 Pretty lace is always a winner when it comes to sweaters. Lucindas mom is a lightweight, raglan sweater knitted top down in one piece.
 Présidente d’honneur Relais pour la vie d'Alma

...

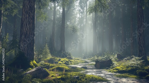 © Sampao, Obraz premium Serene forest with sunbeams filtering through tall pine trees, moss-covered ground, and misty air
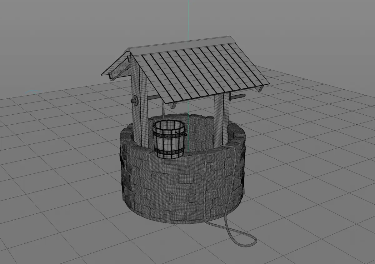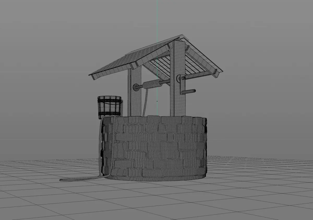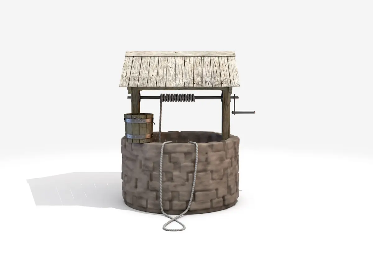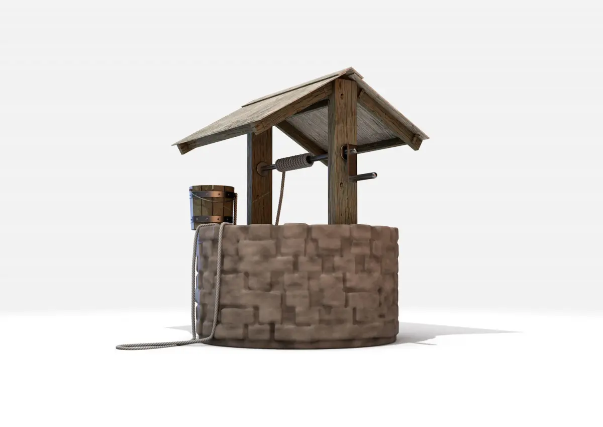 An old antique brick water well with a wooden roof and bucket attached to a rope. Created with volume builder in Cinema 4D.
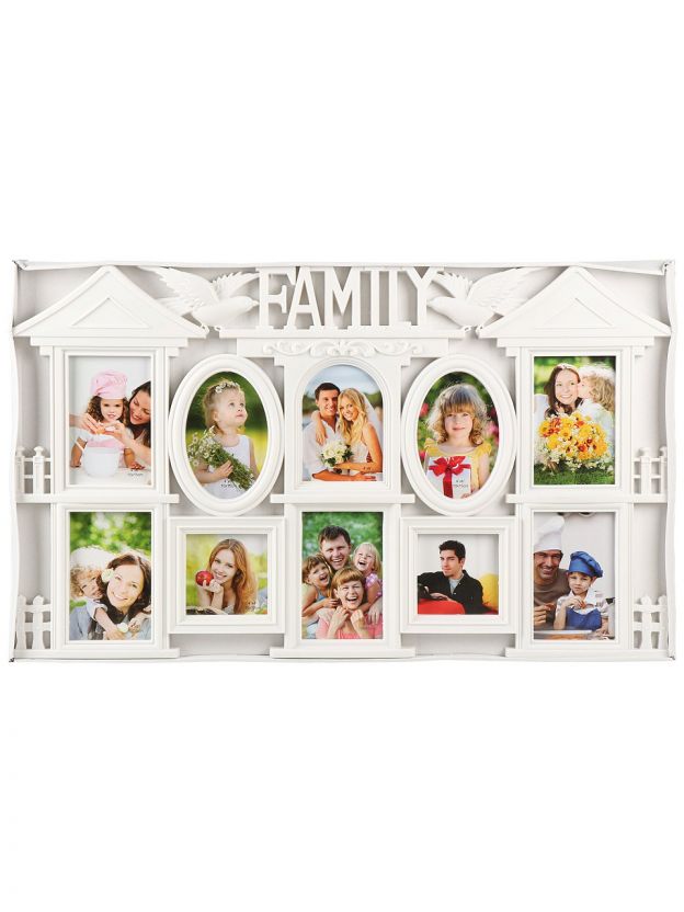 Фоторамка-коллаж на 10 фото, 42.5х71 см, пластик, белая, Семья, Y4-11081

---

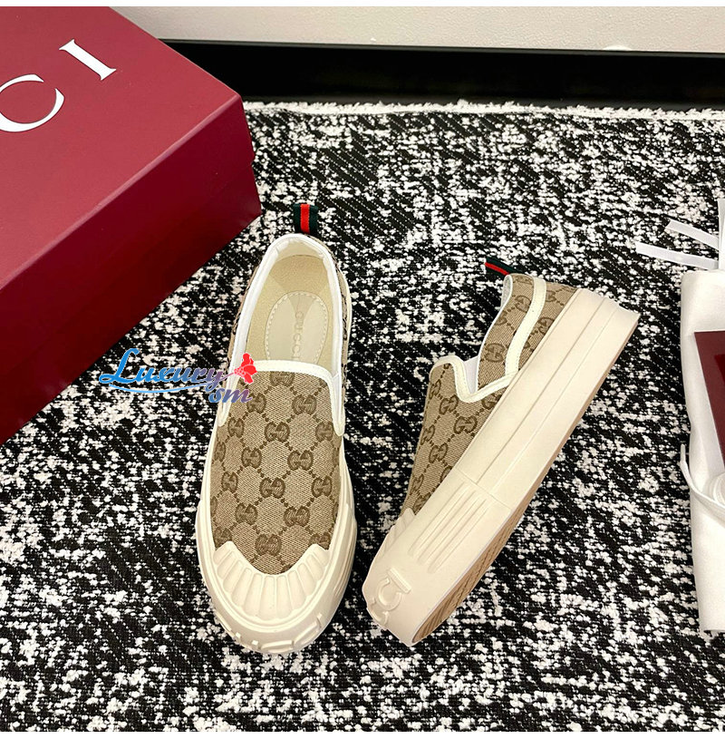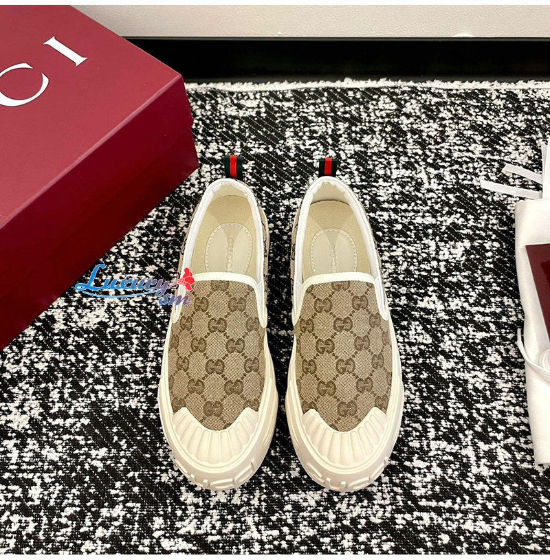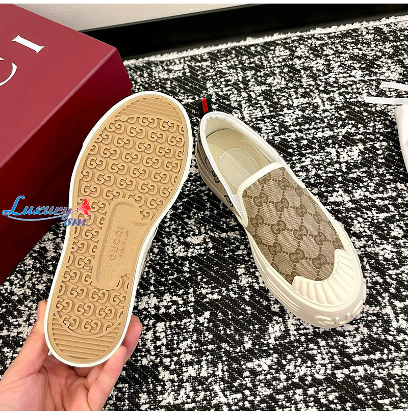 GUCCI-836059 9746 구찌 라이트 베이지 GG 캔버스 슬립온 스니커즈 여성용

» **WHAT YOU WILL DO**:
The required output is the stretch of entries above from the line containing "Pretty lace is" through the line containing "Présidente d’honneur Relais", reproduced exactly.

» **EXERCISE ANSWER**:
 Pretty lace is always a winner when it comes to sweaters. Lucindas mom is a lightweight, raglan sweater knitted top down in one piece.
 Présidente d’honneur Relais pour la vie d'Alma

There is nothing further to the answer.